Dataset section —
────

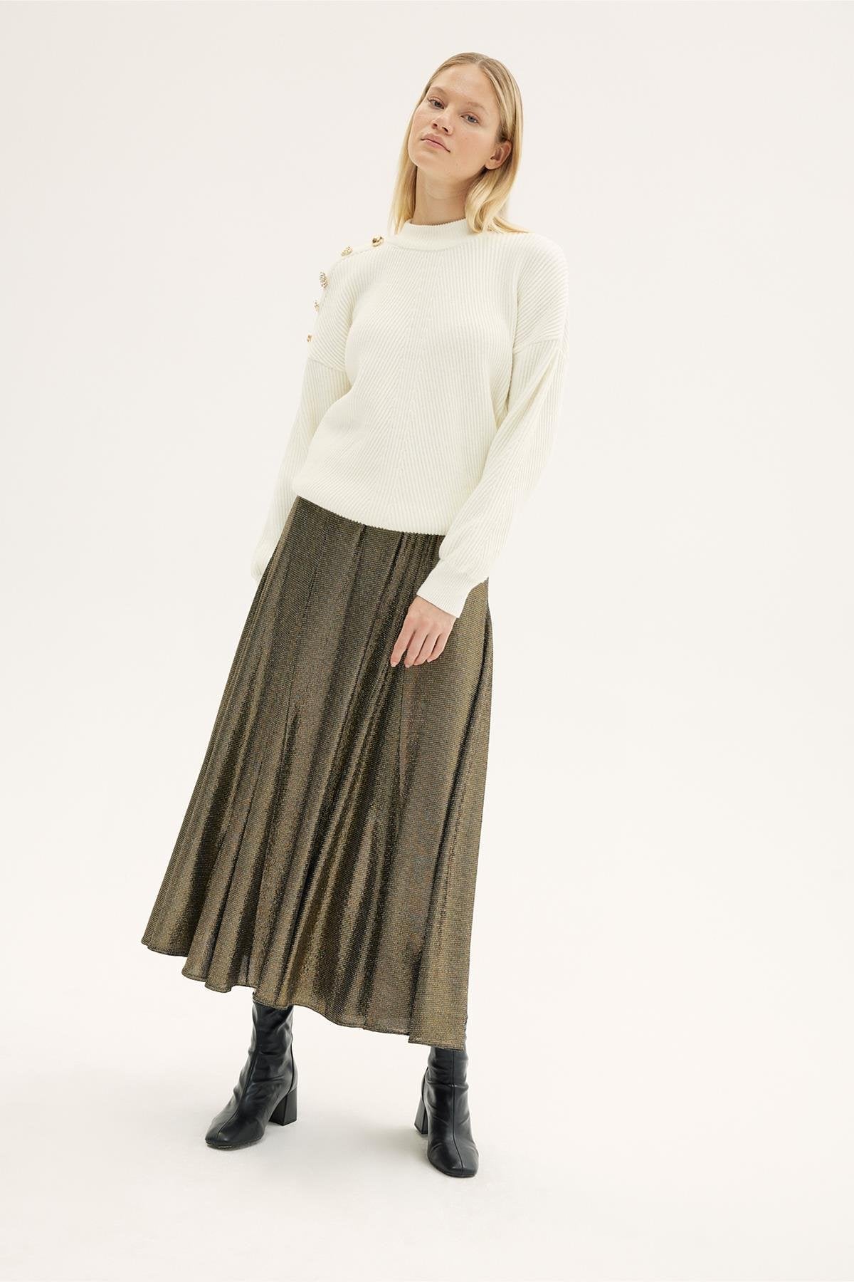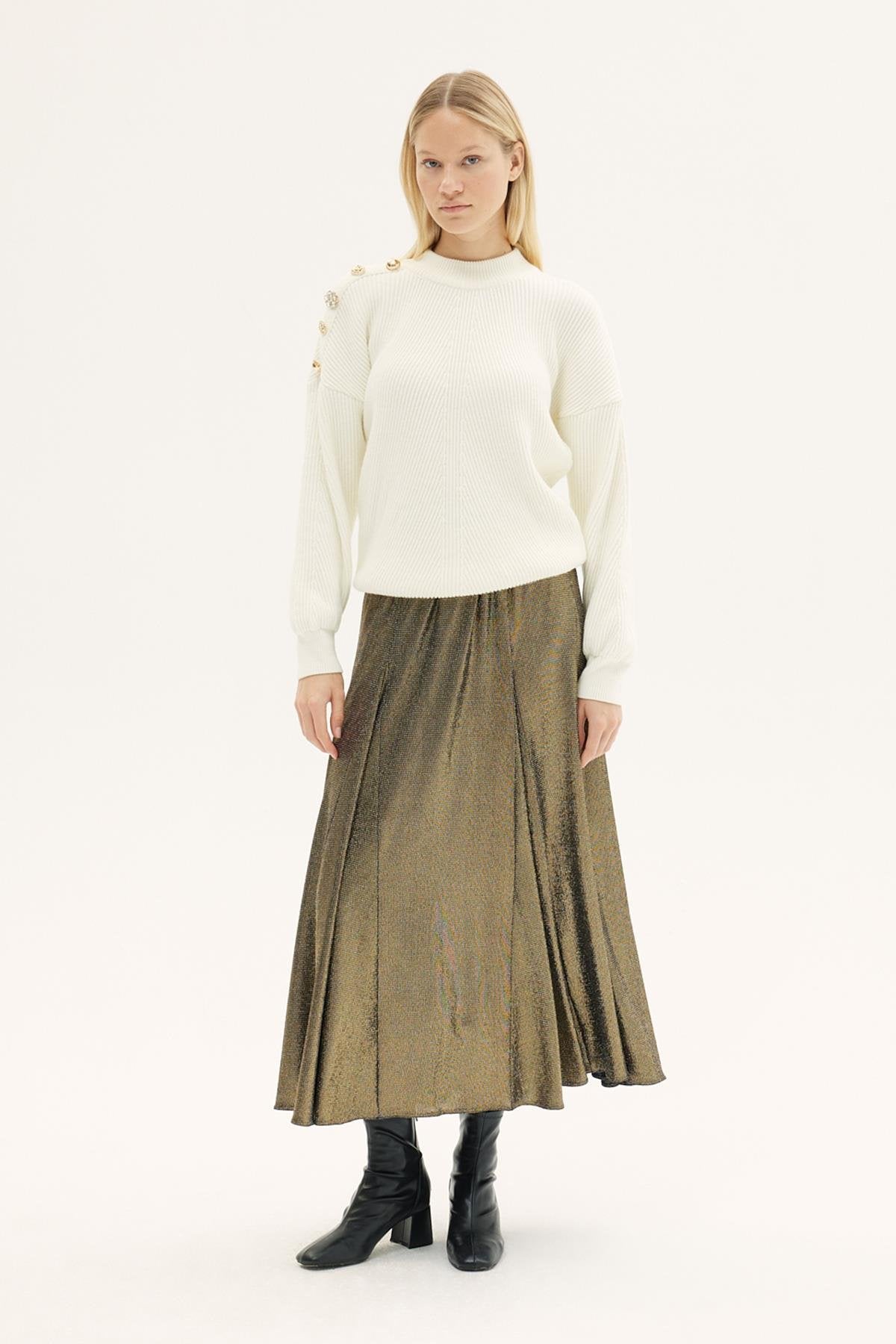 A statement of quiet elegance. The Juana skirt shimmers with a soft metallic glow, flowing effortlessly with every movement. Designed with a high-rise waist and a fluid flared silhouette, it captures a perfect balance of sophistication and ease. Ideal for both formal and evening occasions, this piece adds subtle glamour to any modest wardrobe.
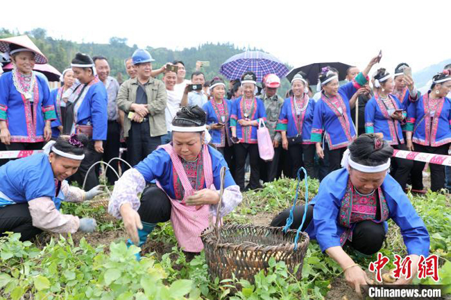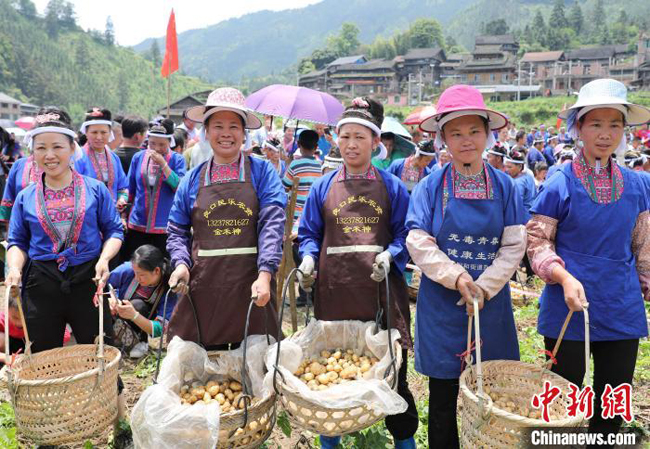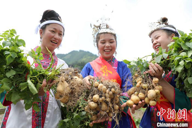 几名侗族妇女在展示挖土豆比赛成果。
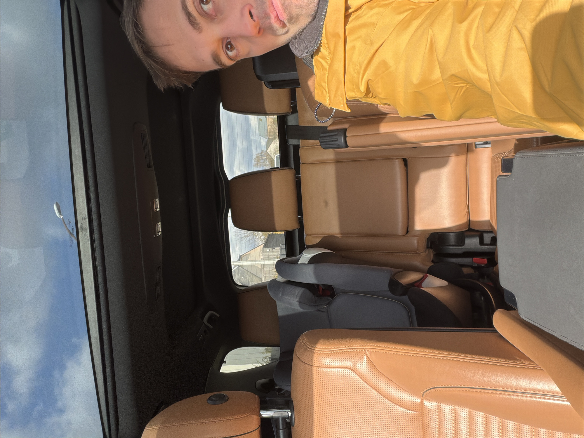 A selfie taken inside a vehicle reveals an adult male and the vehicle's interior. The male subject, positioned on the right of the frame, has light brown hair and brown eyes, wearing a yellow jacket over a grey garment, with a neutral expression. The vehicle's interior features tan/brown perforated leather seats across multiple rows. A grey child safety seat is installed in the center of the second row. A panoramic sunroof is visible overhead, showing a clear blue sky with scattered white clouds, indicating daylight. Through the rear window, residential buildings with pitched roofs and bare trees are visible, along with a distant white vehicle. The vehicle is located in Reckange-sur-Mess, Luxembourg.
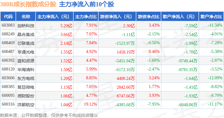 资金流向方面,380R成长(000119)指数成份股当日主力资金净流出合计62.57亿元,游资资金净流入合计16.2亿元,散户资金净流入合计46.37亿元。成份股资金流向详情见下表:

────

For this answer, retype the lines from the start of the listing through the line that holds "几名侗族妇女在展示挖土豆比赛成果。", inclusive, exactly and without pictures.

Finished task —
 A statement of quiet elegance. The Juana skirt shimmers with a soft metallic glow, flowing effortlessly with every movement. Designed with a high-rise waist and a fluid flared silhouette, it captures a perfect balance of sophistication and ease. Ideal for both formal and evening occasions, this piece adds subtle glamour to any modest wardrobe.
 几名侗族妇女在展示挖土豆比赛成果。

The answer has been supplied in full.